§ DATASET CONTENT
⁂
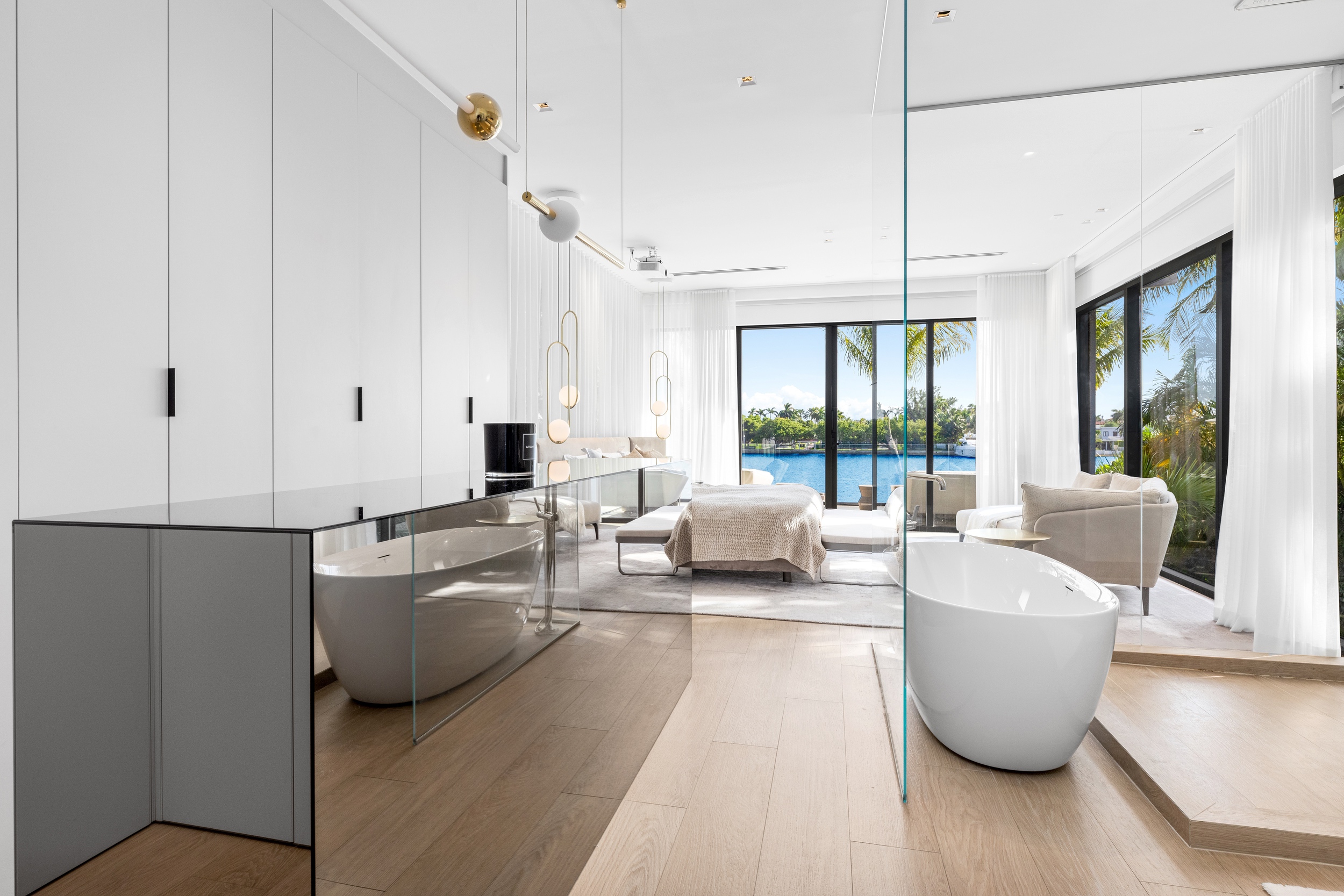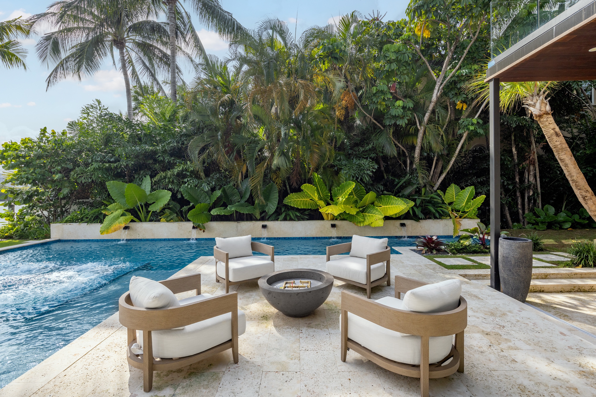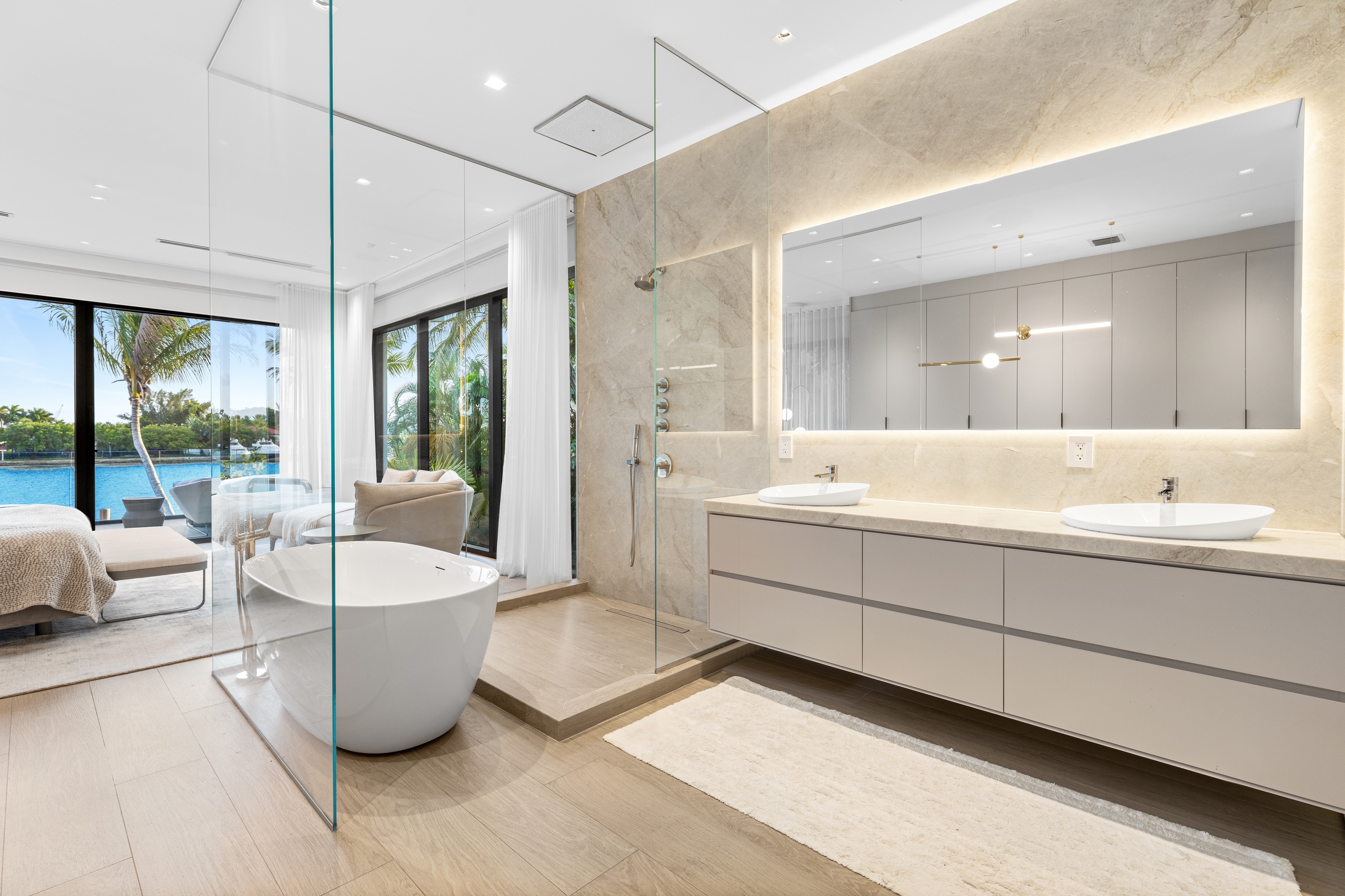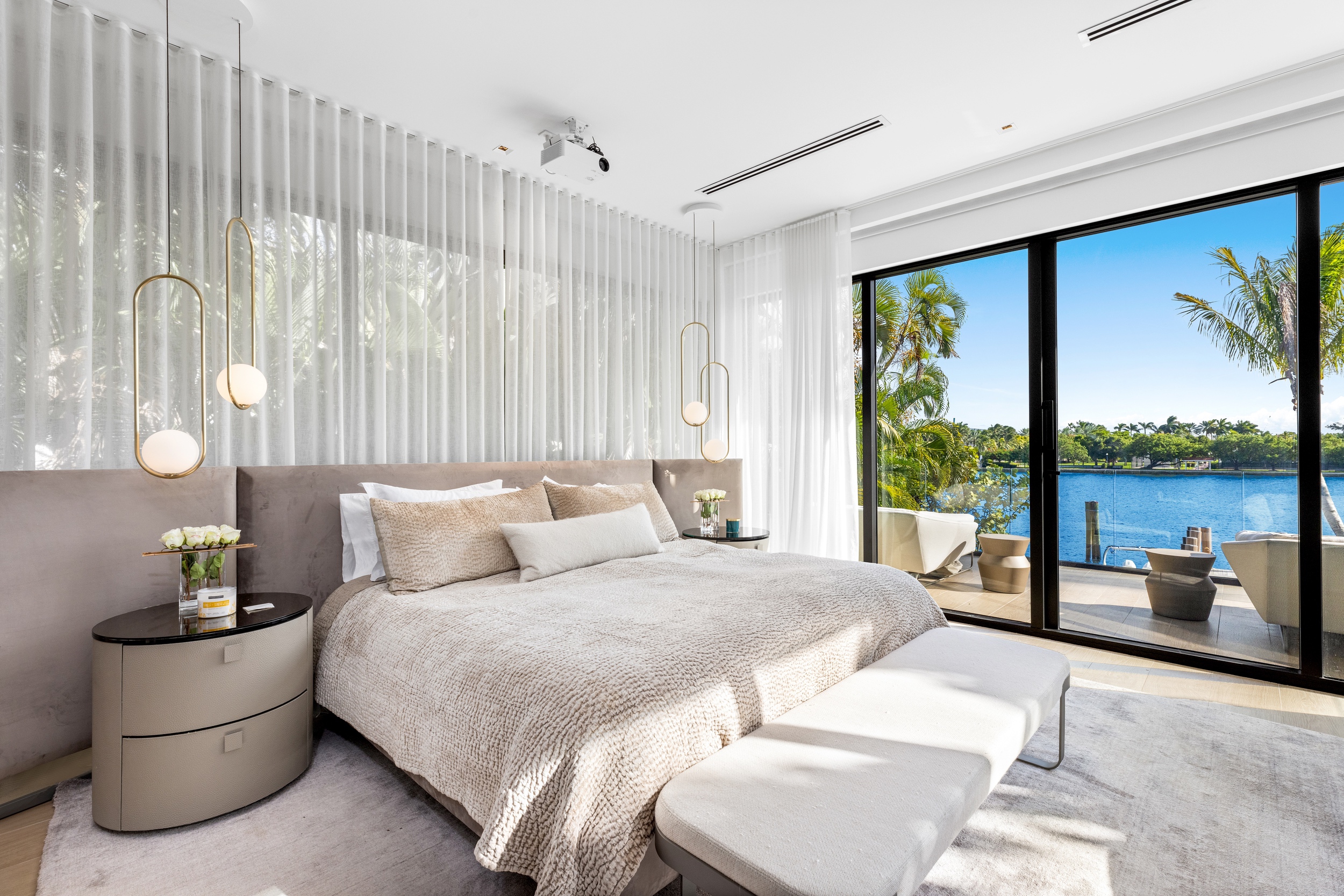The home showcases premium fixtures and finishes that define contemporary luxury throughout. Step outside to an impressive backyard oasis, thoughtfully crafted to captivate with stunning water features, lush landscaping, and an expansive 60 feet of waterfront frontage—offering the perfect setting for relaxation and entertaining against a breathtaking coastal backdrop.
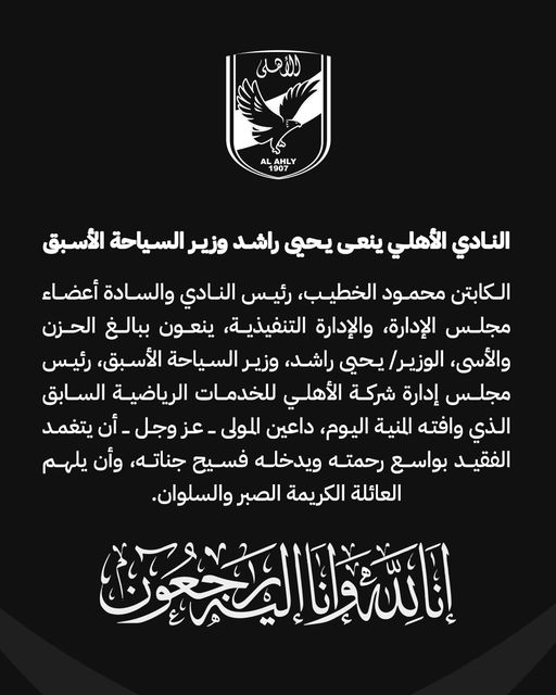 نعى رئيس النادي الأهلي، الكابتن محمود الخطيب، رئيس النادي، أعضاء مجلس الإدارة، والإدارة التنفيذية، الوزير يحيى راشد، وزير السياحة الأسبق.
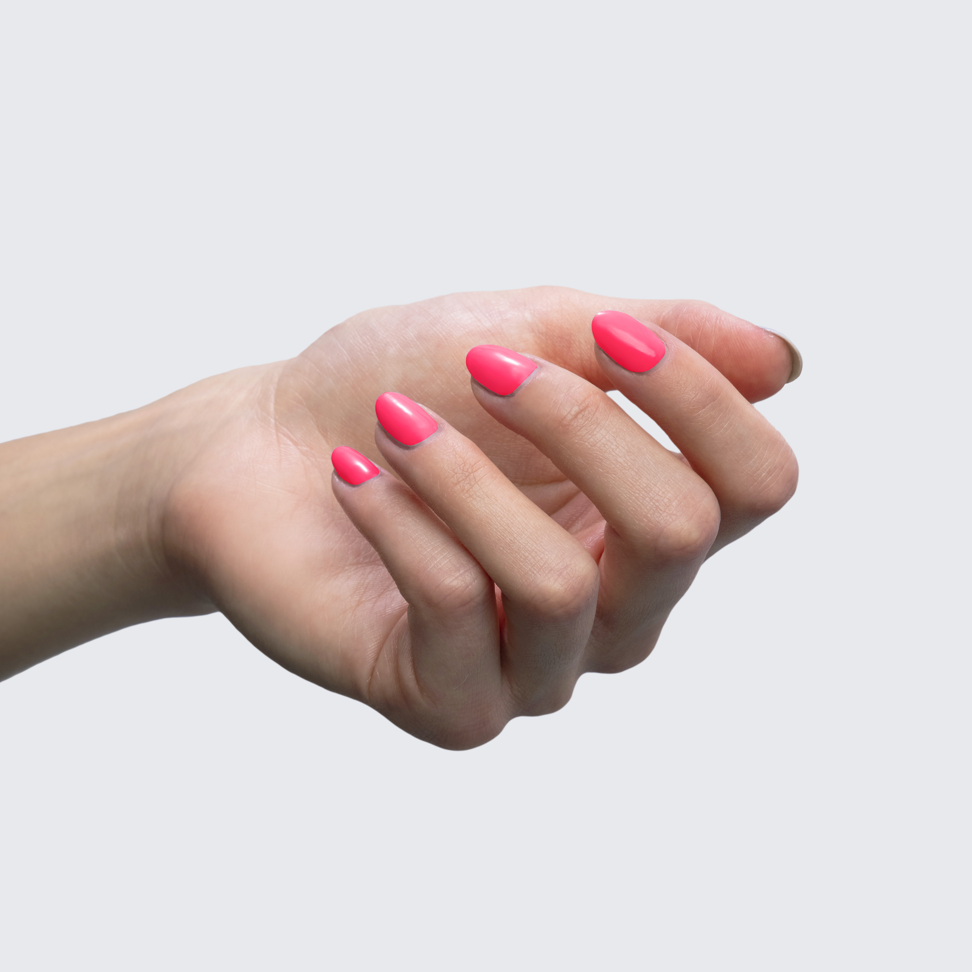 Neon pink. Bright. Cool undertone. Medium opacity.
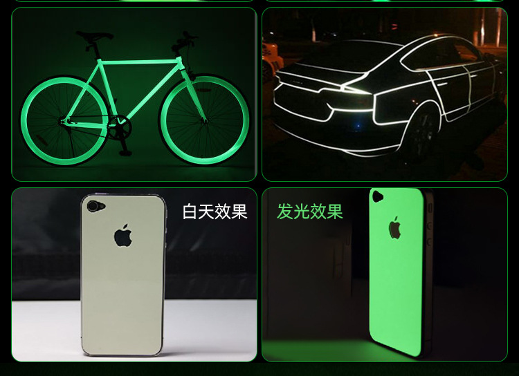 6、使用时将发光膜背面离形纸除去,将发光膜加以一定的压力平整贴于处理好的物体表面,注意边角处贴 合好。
⁂
§ ACTION ITEM
Your reply should consist solely of the lines from the line containing "نعى رئيس النادي" through the last line of the listing, unchanged and free of pictures.

§ TASK RESPONSE
 نعى رئيس النادي الأهلي، الكابتن محمود الخطيب، رئيس النادي، أعضاء مجلس الإدارة، والإدارة التنفيذية، الوزير يحيى راشد، وزير السياحة الأسبق.
 Neon pink. Bright. Cool undertone. Medium opacity.
 6、使用时将发光膜背面离形纸除去,将发光膜加以一定的压力平整贴于处理好的物体表面,注意边角处贴 合好。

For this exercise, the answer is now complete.